Abstract

Early detection of breast cancer (BC) is a global target to reduce mortality and morbidity also to improve therapeutic and survival outcomes. Currently, mammography is the gold standard in BC diagnosis followed by biopsy when warranted. Thymidine Kinase 1 (TK1) is a proliferative biomarker that succeeded in discovering premalignant transformations of breast cancer before the appearance of any symptoms. This study aimed to provide a non-invasive method to early detect BC by measuring TK1 in sera of women with breast lesions alongside mammography. The study included 271 women divided into five BIRADS categories. Methods and Material: only one blood sample was collected from each woman to detect TK1 concentration, before undergoing mammography and Fine Needle Aspiration Cytology (FNAC) or true cut. Results: TK1 levels were significantly different between BI-RADS categories. It was correlated with clinical stage, histological grade, lymph node metastasis, and vascular invasion.

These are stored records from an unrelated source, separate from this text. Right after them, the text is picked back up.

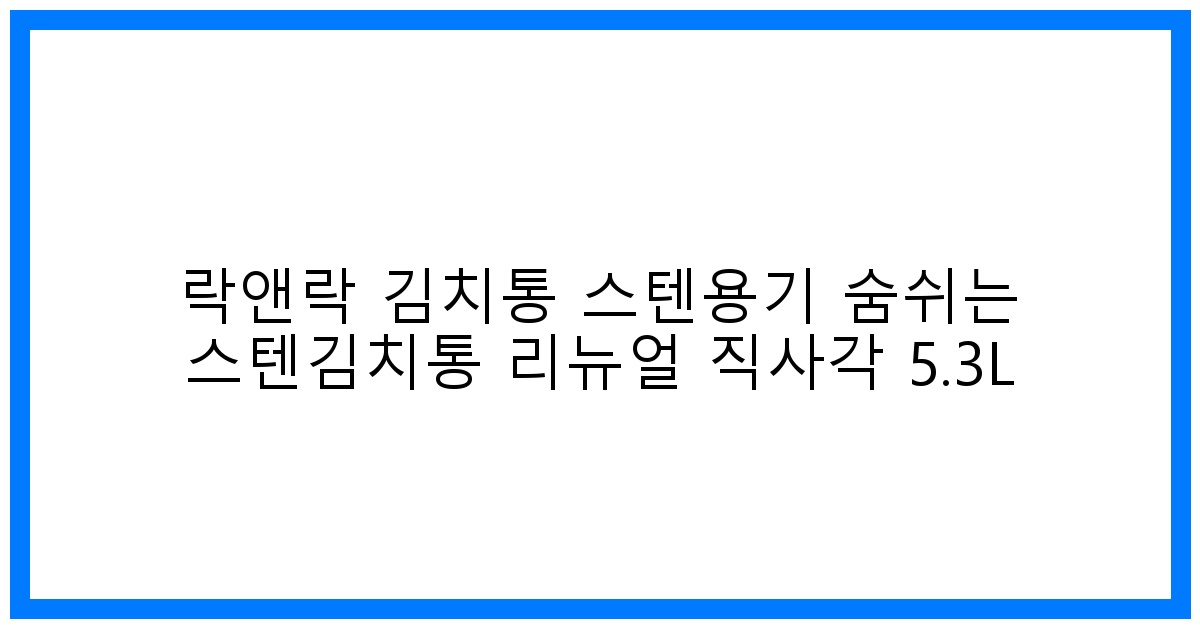 이번 포스팅에서는 락앤락 김치통 스텐용기 리뉴얼 직사각 5.3L에 대한 자세한 정보와 함께 김치를 더욱 맛있게 보관하는 방법, 그리고 김치통을 오래 사용할 수 있는 관리법까지 꼼꼼하게 알려드리겠습니다. 김치 보관에 대한 고민을 해결하고, 언제나 맛있는 김치를 즐길 수 있도록 도와드리겠습니다. 락앤락 김치통과 함께 김치 생활의 질을 한 단계 업그레이드해보세요. 이 글을 통해 여러분의 김치 보관 고민이 말끔히 해소되기를 바랍니다.
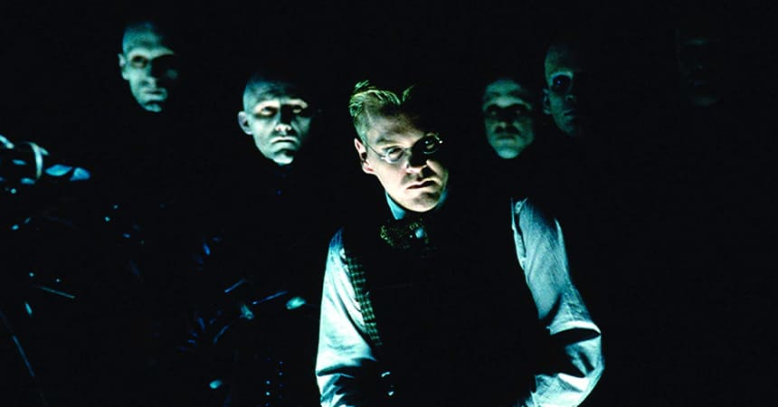 Отличная фантастика от Алекса Пройаса, главную роль сыграл Руфус Сьюэлл. Сюжет повествует нам о человеке по имени Джон Мёрдок, который внезапно приходит в себя в незнакомом месте. Он с трудом силится понять, что произошло и вспомнить кто он, но не может, знает только, что он находится в номере отеля. Внезапно раздаётся звонок телефона и таинственный человек на проводе сообщает, что ему нужно бежать как можно скорее. Рядом он находит тело бездыханной женщины всё исполосованное.
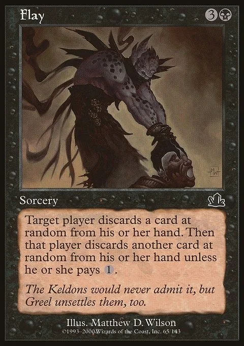 Target player discards a card at random. Then that player discards another card at random unless they pay {1}.
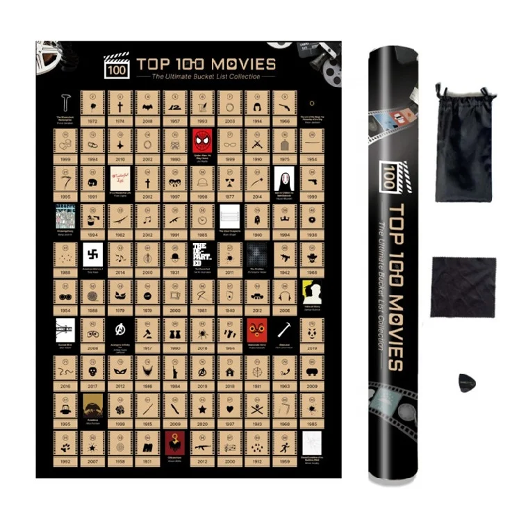 Official IMDb 100 Movies Poster 100 Movies Scratch Off Poster - Top Films of All Time Bucket List (42*59.4cm)

TK1 levels could distinguish between healthy individuals and patients who had breast lesions with a sensitivity and a specificity as follows 91.3 and 87.5%, respectively. Furthermore, this test could discriminate between benign and malignant breast lesions with a sensitivity of 92.5% and a specificity of 91.2%. Conclusion: These findings suggest the determination of TK1 levels as a risk warning biomarker to improve early detection of BC.

Highlights

  • Breast cancer (BC) is considered the second major cancer among women worldwide [1]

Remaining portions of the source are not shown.